• Exercise description: Transcribe word for word each line from the one containing "Nhằm mở rộng" to the final line of the data, both included. Skip the pictures.

#####

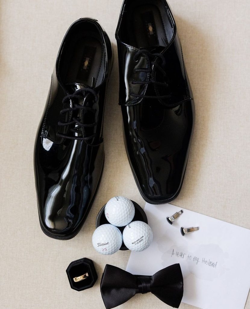 We love the bridal detail shots of Lisa’s pearl clutch and golf balls and a bow tie for Billy, a modern yet classic touch that perfectly complemented the refined aesthetic of the day. Every detail felt elevated, yet warm. The refined, timeless stationery by Brittney Nichole Designs set the tone from the very beginning, leaving guests swooning before the celebration even began.
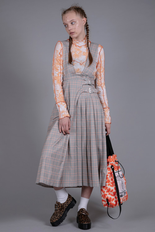 取り外しの出来るサスペンダー付きのラッププリーツスカート。
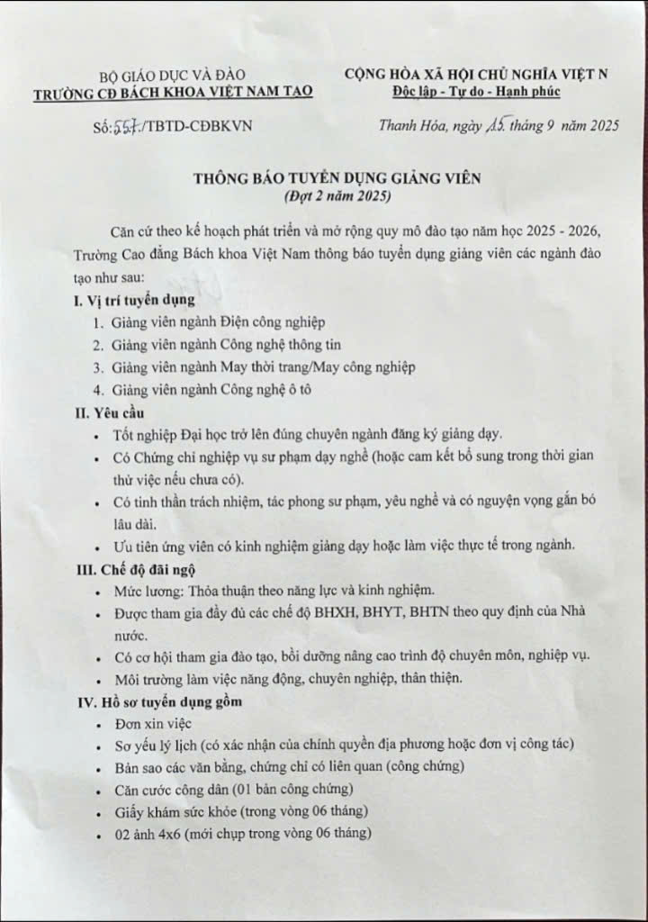 Nhằm mở rộng quy mô đào tạo năm học 2025–2026, Trường Cao đẳng Bách khoa Việt Nam tuyển dụng giảng viên các ngành:
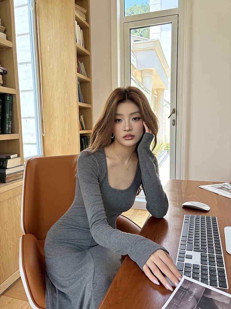 ◎【送料無料】2025秋冬新作 Uネック フィットカット ロングスリーブ ハイウエスト ドレス
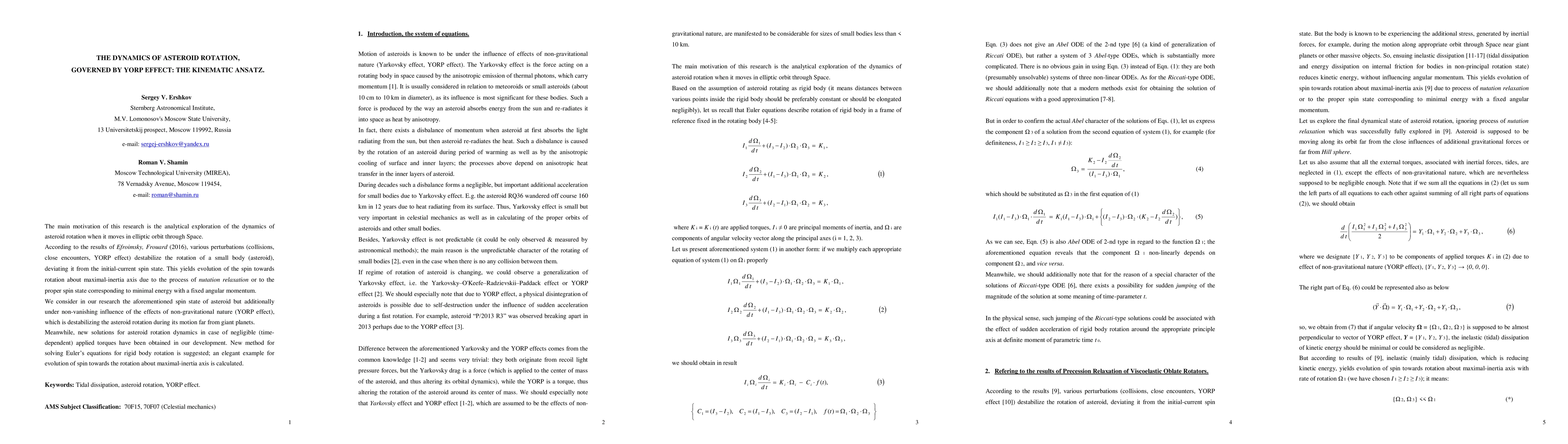 This research paper explores how asteroids rotate when moving in elliptical orbits through space, with a focus on the YORP effect, which destabilizes rotation. New solutions for asteroid rotation dynamics have been developed, providing insight into the spin state of small bodies.
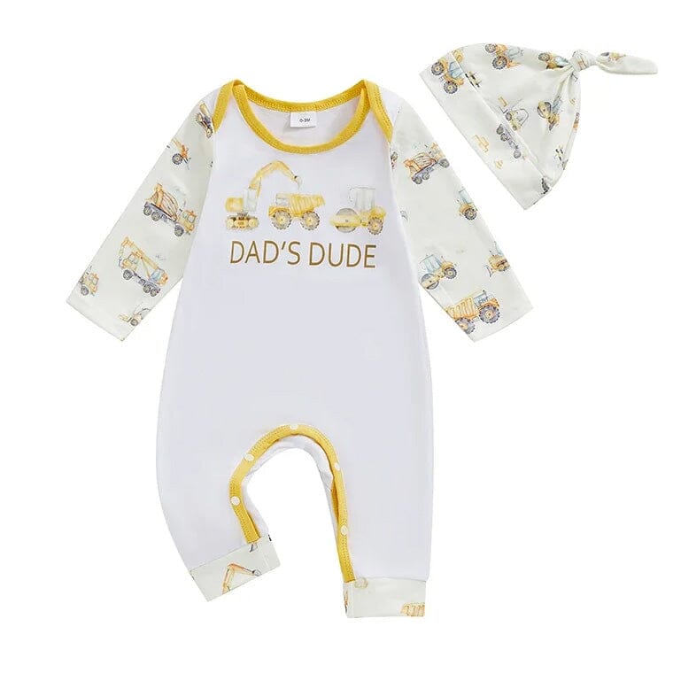 This charming baby boy jumpsuit features a fun "Dad's Dude" print, making it a perfect gift for the little man who loves spending time with dad. Adorned with delightful construction vehicle graphics, it adds a playful touch to his wardrobe. A matching hat with a similar construction theme completes the look, keeping your little one cozy and stylish. Its practical snap closures make dressing and diaper changes a breeze, combining functionality with adorable design.
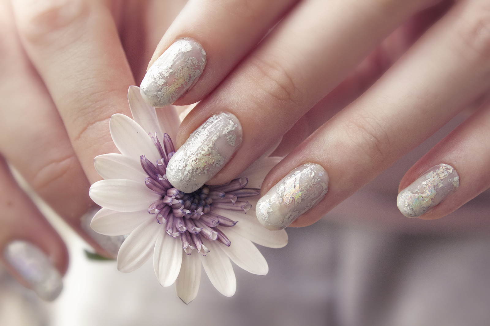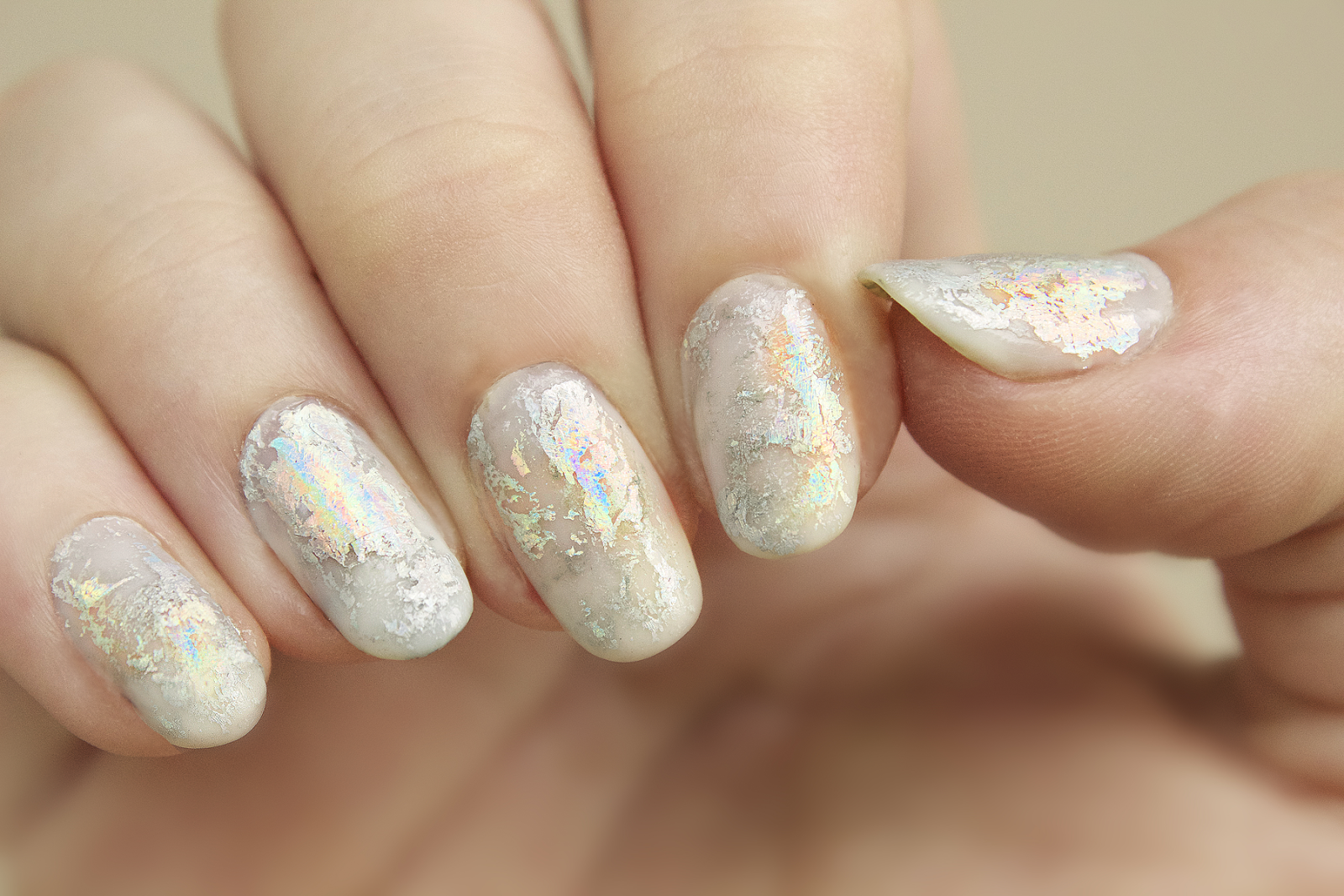 I used Born Pretty Store silver metal nail foil. I first did a white gel manicure using Sally Hansen UV set gel polish White Away. Then, I put a thin top clear coat and pressed the foil sheets down in multiple spots on my nails. after you lift up the foil, some sticks to the nail, creating that “flecked” design.

#####

• Written response:
 Nhằm mở rộng quy mô đào tạo năm học 2025–2026, Trường Cao đẳng Bách khoa Việt Nam tuyển dụng giảng viên các ngành:
 ◎【送料無料】2025秋冬新作 Uネック フィットカット ロングスリーブ ハイウエスト ドレス
 This research paper explores how asteroids rotate when moving in elliptical orbits through space, with a focus on the YORP effect, which destabilizes rotation. New solutions for asteroid rotation dynamics have been developed, providing insight into the spin state of small bodies.
 This charming baby boy jumpsuit features a fun "Dad's Dude" print, making it a perfect gift for the little man who loves spending time with dad. Adorned with delightful construction vehicle graphics, it adds a playful touch to his wardrobe. A matching hat with a similar construction theme completes the look, keeping your little one cozy and stylish. Its practical snap closures make dressing and diaper changes a breeze, combining functionality with adorable design.
 I used Born Pretty Store silver metal nail foil. I first did a white gel manicure using Sally Hansen UV set gel polish White Away. Then, I put a thin top clear coat and pressed the foil sheets down in multiple spots on my nails. after you lift up the foil, some sticks to the nail, creating that “flecked” design.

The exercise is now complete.